Wednesday, August 18, 2010

The Intro to Kat

Posting the first in a series of blogs is much like posting an about me on a social networking site. It's like trying to squash yourself into a box that others will understand.  I don't particularly like that idea, though it has its uses assuredly. People love placing others in neat little boxes because it's simpler than getting to understand every facet of them.. Me, I'm more of a global mind. I like to think, and think, and contemplate, and observe. Currently I'm debating how much of myself I should reveal right now.

First thing I will tell you, I will be doing my best to post a blog daily. I may miss a day, simply because I'm homeless and trying to rectify the situation.

I'm not the most social of creatures. Hardly surprising, considering I am posting blogs rather than doing video blogs or being a comedienne.(Ah hah! It's a female!)


A little glimmer of what's in my mind- I'm sitting here in the library beneath all the layers of criss-crossing stares and in a single glance I see at least 4 people walking up or down a different part of the intricate staircase.


In those four people are four totally different lives with multiple layers of thoughts, beliefs, friends, political views, emotional entanglements, troubles and happinesses.


All humans on the planet share 99.999999%(etc) IDENTICAL genetic stuffs. That means that although they all look very different, have different mental and emotional and physical issues, though they are of different ages and have different jobs etc, and think in totally different patterns, they're all practically the same thing. They may despise each other beyond belief, or love each other as deeply as people possibly can.
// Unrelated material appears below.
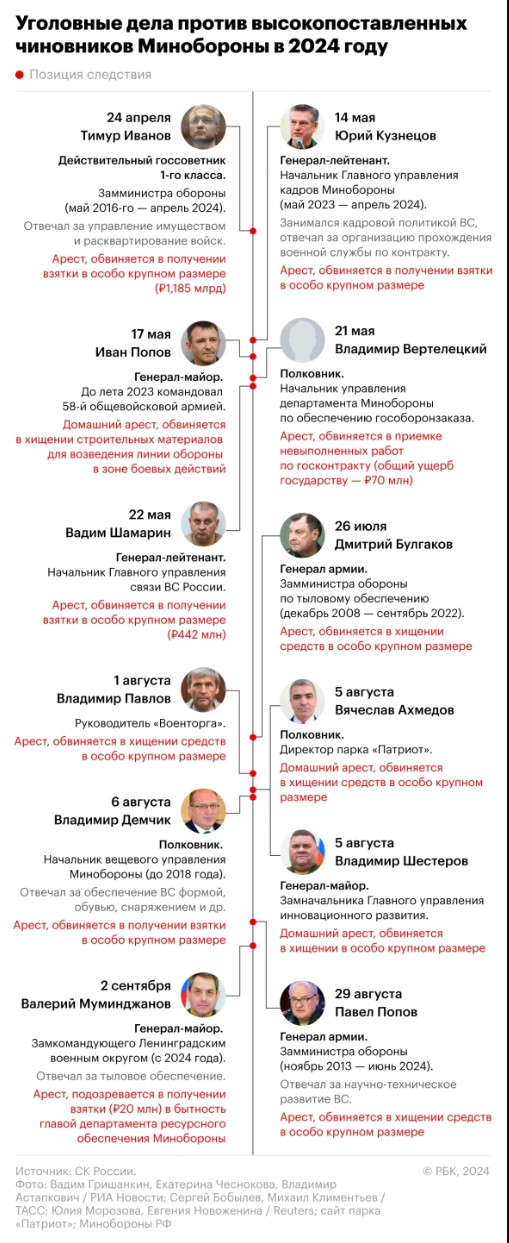 РБК насчитал, что сегодня возбуждено как минимум 12 уголовных дел против высокопоставленных чиновников Минобороны. И, очевидно, это список не окончательный. Скоро в нём будут новые имена.

All sorts of things fascinate me. I'm often caught between deep feelings of disgust toward people, and amazement. The intricate nature of mankind amazes me, yet what people do, say, how they act often disgusts me. I feel alone in a crowd, and claustrophobic all at once. I love people for their potential, and loathe them for their flaws- And note, by that I don't mean their mistakes. Mistakes are mistakes. When you choose to be an asshole to someone for no reason, with no psychological reason in your past to back it up.. It's not right. Arrogance annoys me, though I can be arrogant. I also accept that in the grand scheme of this planet and the universe I am nothing, though.


To me, love is something you can't really explain as simply platonic or familial or romantic. Love is much more than all of that. It's all of it combined. Love is knowing someone for all their strengths and faults, their problems and the reasons why and liking them anyway. It's liking them FOR their faults, for their issues, for their very being itself. It's a hard thing to do, and exhausting when you're hurt by them.  But I think it's worth it.